Gelombang atmosfer seperti Kelvin dan Rossby ekuatorial juga turut berkontribusi terhadap peningkatan aktivitas hujan di berbagai wilayah, termasuk Sumatra, Jawa, Kalimantan, Sulawesi, hingga Nusa Tenggara. BMKG mencatat adanya sirkulasi siklonik di Kalimantan Tengah yang memicu pola konvergensi dan perlambatan angin, sehingga meningkatkan potensi hujan lebat di sekitarnya.
Meskipun sebagian wilayah mulai memasuki musim kemarau, BMKG sebelumnya mencatat hujan dengan intensitas tinggi masih terjadi di beberapa daerah. Pada periode 8–10 Juni 2026, curah hujan cukup signifikan terjadi di Sumatra Barat dengan 128 mm/hari, Kalimantan Timur 108 mm/hari, Kalimantan Tengah 101 mm/hari, Papua Tengah 94 mm/hari, dan Riau 71 mm/hari.
BMKG memperkirakan bahwa dalam periode 12–18 Juni 2026, kondisi cuaca umumnya akan berada pada kategori cerah berawan hingga hujan lebat. Sejumlah wilayah masih berpotensi mengalami hujan lebat hingga sangat lebat yang dapat disertai kilat, petir, dan angin kencang.
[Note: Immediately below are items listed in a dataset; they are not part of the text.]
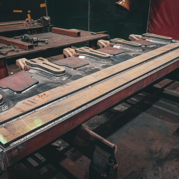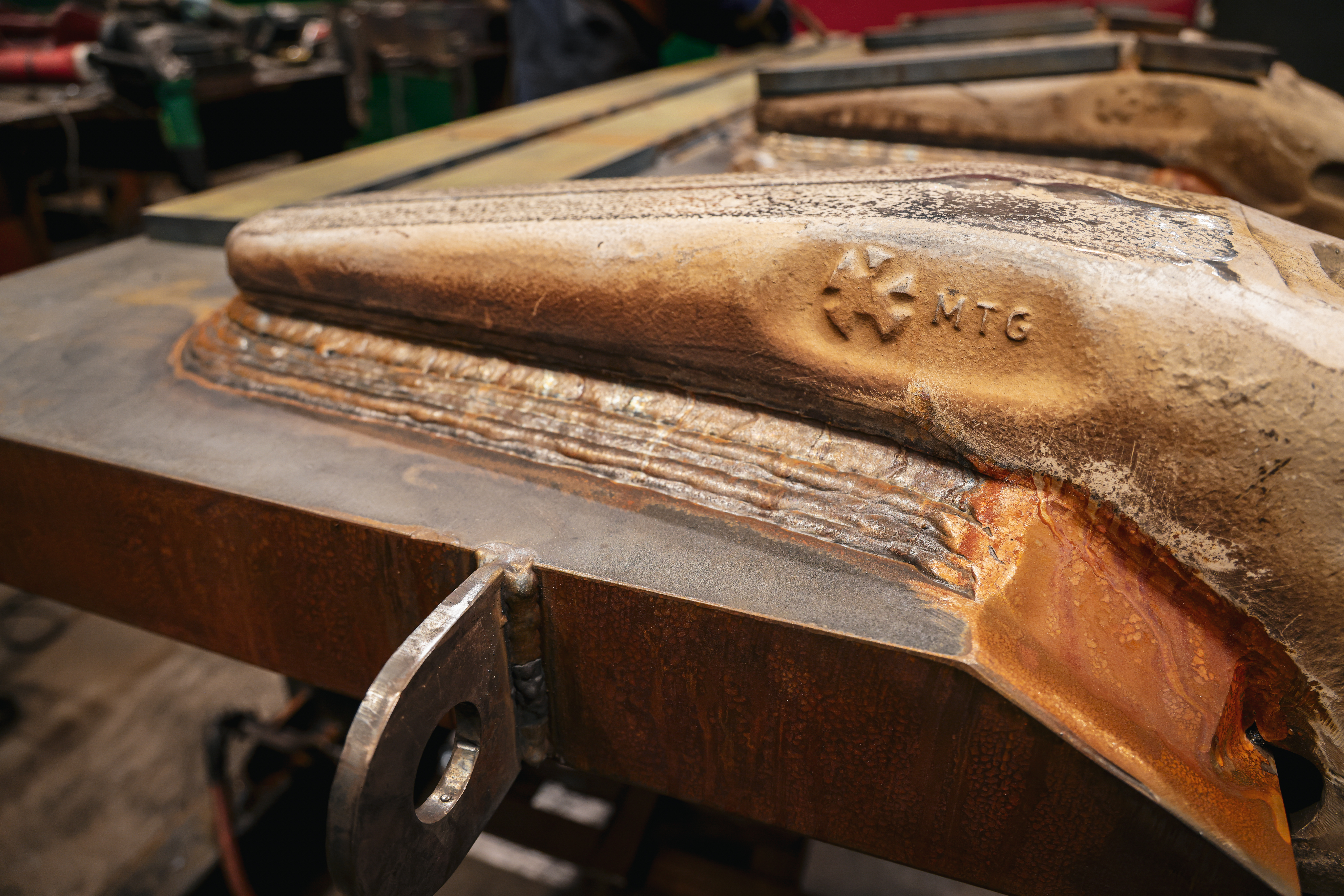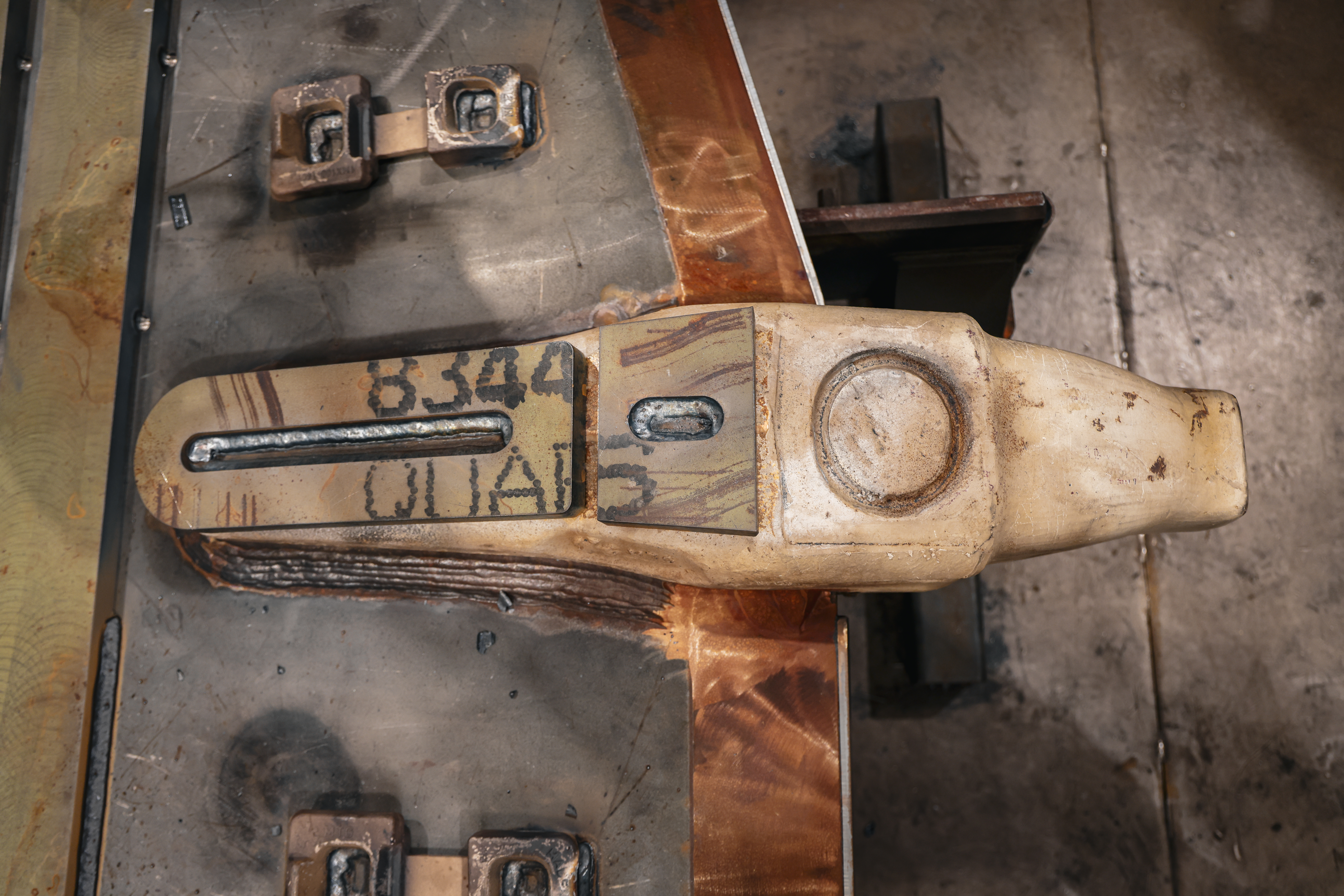 - 100mm thick high tensile plate cut, shaped, and bevelled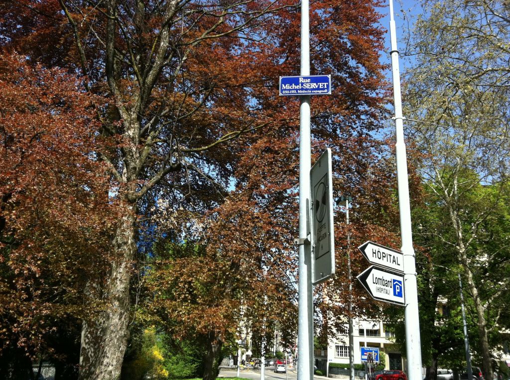 We walked together across Bourg-de-Four Square, him in chains and me in air, up rue de Saint-Antoine out towards Champel. My home, and the place he was tied with his book and burned. This burning of Servetus by the canton of Geneva symbolized the sacrifice of the freedom of conscience and due process of laws.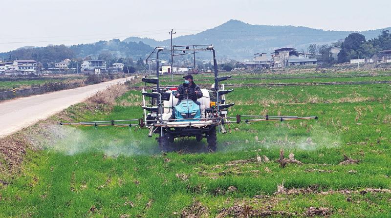 而在中江县产粮重镇永太镇,种粮大户常滔的稻茬小麦已是绿油油的连片之势。他在田间忙不迭地安排工人安装育秧输送设备,备战大春。

Wilayah yang masuk kategori waspada lain Sumatra Utara, Kepulauan Bangka Belitung, Banten, Jawa Barat, Sulawesi, serta Papua Pegunungan.
Melalui keterangan resminya, BMKG mengimbau masyarakat untuk tetap waspada terhadap perubahan cuaca yang dapat terjadi secara cepat. Masyarakat juga diminta menjaga kondisi tubuh selama musim kemarau dengan mencukupi kebutuhan cairan, menghemat air, serta menggunakan pelindung saat beraktivitas di luar ruangan. BMKG menegaskan pentingnya pemantauan informasi cuaca secara berkala melalui kanal resmi seperti situs BMKG, aplikasi Info BMKG, serta media sosial resmi lembaga tersebut. “Cuaca dapat berubah sewaktu-waktu. Masyarakat diharapkan tetap siaga terhadap potensi hujan lebat, petir, dan angin kencang yang dapat memicu bencana hidrometeorologi,” demikian imbauan BMKG.